Example 1 and Comparative Example 1
<Preparation of Photosensitive Resin Composition>
Compound (B-1) having an alkoxyalkyl group, compound (C-1) having a glycidyloxy group, and photosensitivity with respect to 100 parts by mass of the resin component (A-1 to A-2) having a phenolic hydroxyl group The compound (E: 1), the compound (E-1) having a Si-O bond, and the solvent (F-1), each having the basic acid generator (D-1) and the solvent (F-1) in the compounding amounts (unit: mass part) The solution was pressure-filtered using a 1.0 μm-hole syringe filter (manufactured by GE Healthcare Japan Ltd., trade name: Resist 30 (1.0 μm PTFE)) to obtain a photosensitive resin composition. .

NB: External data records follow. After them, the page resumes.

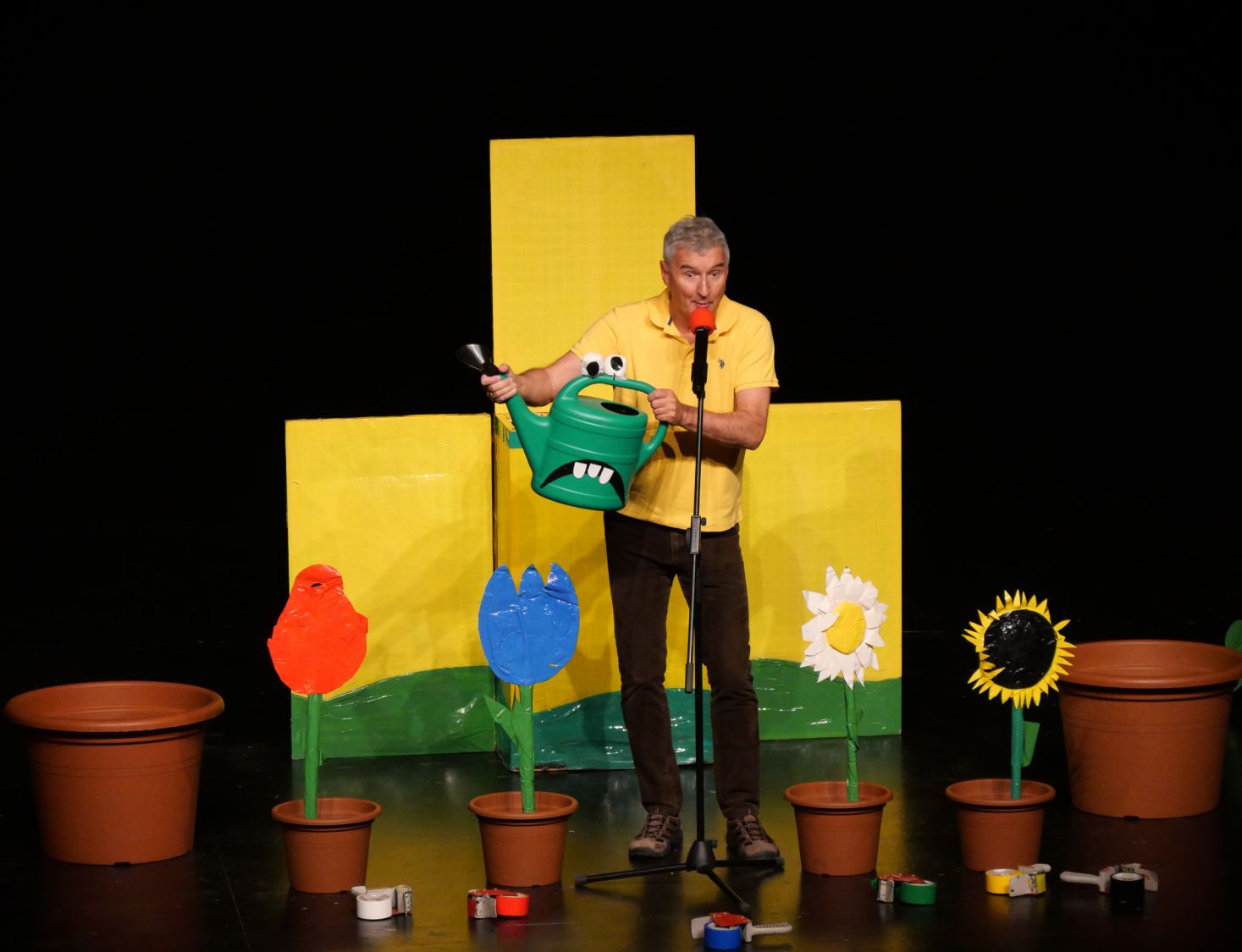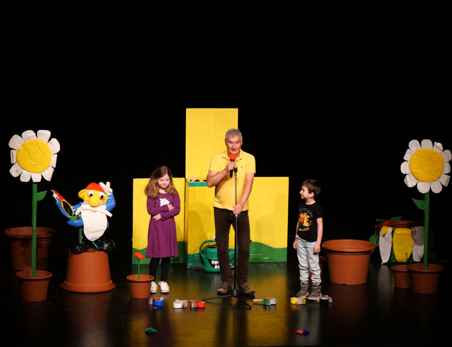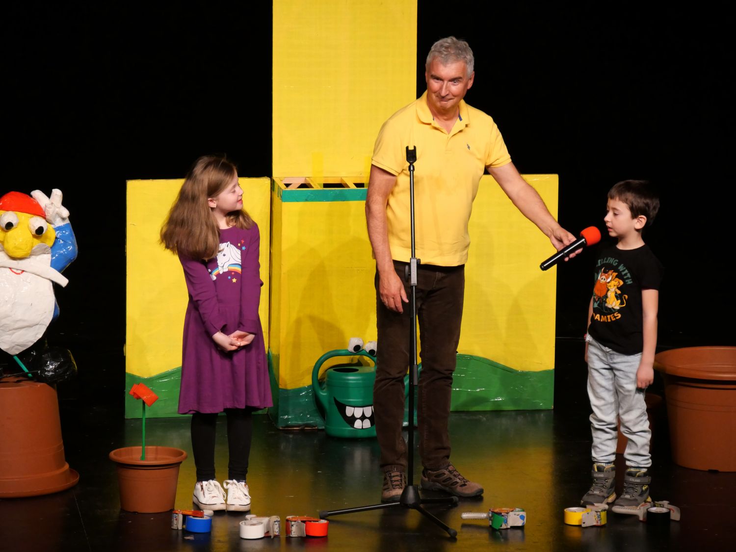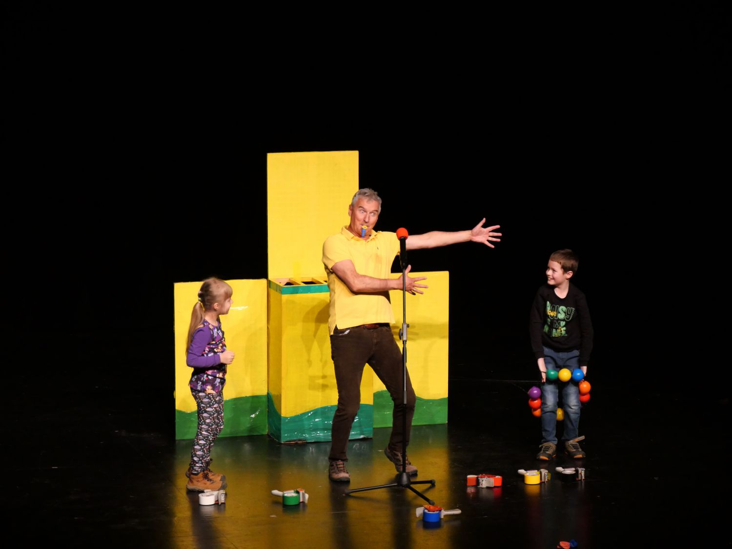 Na pódium si pozval děti z publika, vždy jednu dívku a jednoho chlapce. S dětmi se rozcvičovali jednoduchými pohyby a tropili společně různé hlouposti. Před odchodem zpět do hlediště dostali malí účastníci drobný dárek, který jim sám Michal vyrobil z barevných izolep. K vidění tak byly například květiny, svačiny Mc Michal či letadlo. Děti měly možnost vidět i Michalovi znalosti v botanice a také, jak dobře se stará o své květiny. Celým velkým sálem byl slyšet radostný smích malých diváků.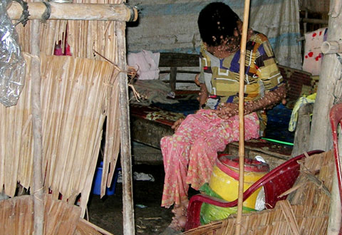 | | Chị Sa Ly với hàng ngh́n mụn thịt trên người. Ảnh: Thiên Phước. | Nhà nghèo, gia đ́nh chị Ly sống bằng nghề ṃ cua, bắt ốc, ai thuê ǵ làm đó. Mụn thịt mọc đầy các mi mắt nên hiện tại chị chỉ c̣n nh́n thấy lờ mờ, tay chân đau nhức không đi được mà chỉ nằm hoặc ngồi một chỗ.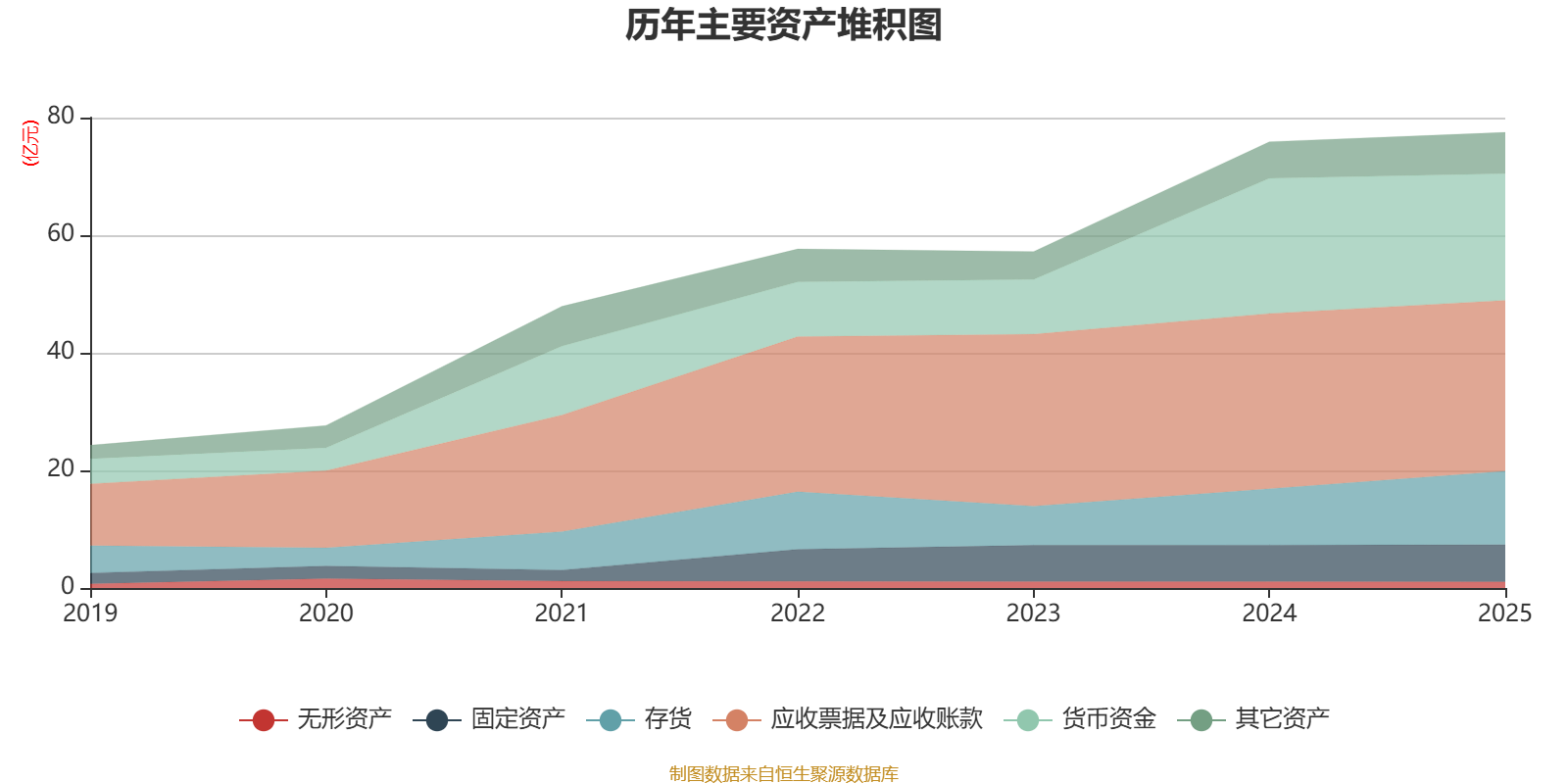 资产重大变化方面,截至2025年末,公司存货较上年末增加30.45%,占公司总资产比重上升3.51个百分点;货币资金较上年末减少6.37%,占公司总资产比重下降2.51个百分点;预付款项较上年末减少90.12%,占公司总资产比重下降2.48个百分点;一年内到期的非流动资产占公司总资产的1.94%,上年末为0。

The abbreviations in Table 1 are as follows.
A-1: Novolak resin having a cardophenol-modified site (manufactured by Gunei Chemical Industry Co., Ltd., trade name: FR-CR-006, weight average molecular weight: 15100)
A'-1: cresol novolak resin (Asahi Organic Material Co., Ltd., trade name: TR4020G, weight average molecular weight: 13,000)
B-1: 1,3,4,6-tetrakis (methoxymethyl) glycoluril (manufactured by Sanwa Chemical Co., Ltd., trade name: Nicalac MX-270)
C-1: trimethylolpropane triglycidyl ether (manufactured by Nagase ChemteX Co., Ltd., trade name: EX-321L)
D-1: Triarylsulfonium salt (San-Apro Co., Ltd., trade name: CPI-310B, anion: tetrakis (pentafluorophenyl) borate)
E-1: 3-glycidoxypropyl trimethoxysilane (manufactured by Shin-Etsu Chemical Co., Ltd., trade name: KBM-403)
F-1: Propylene glycol monomethyl ether acetate (manufactured by Wako Pure Chemical Industries, Ltd., trade name: acetic acid 2-methoxy-1-methylethyl)

<Evaluation of resolution>
The photosensitive resin composition was spin-coated on a 6-inch silicon wafer, and heated on a hot plate at 120 ° C. for 3 minutes to form a coating having a thickness of 5 μm. Using the i-line stepper (FPA-3000iW, manufactured by Canon Inc.), reduction coating exposure was performed on the produced coating film through an i-line (365 nm) through a mask. As a mask, a mask having a pattern in which the width of the exposed portion and the unexposed portion is 1: 1 is used in an interval of 2 μm: 2 μm to 30 μm: 30 μm. The exposure amount is in the range of 100~1100mJ / cm ^2, was subjected to the reduction projection exposure while changing by 100 mJ / cm ^2.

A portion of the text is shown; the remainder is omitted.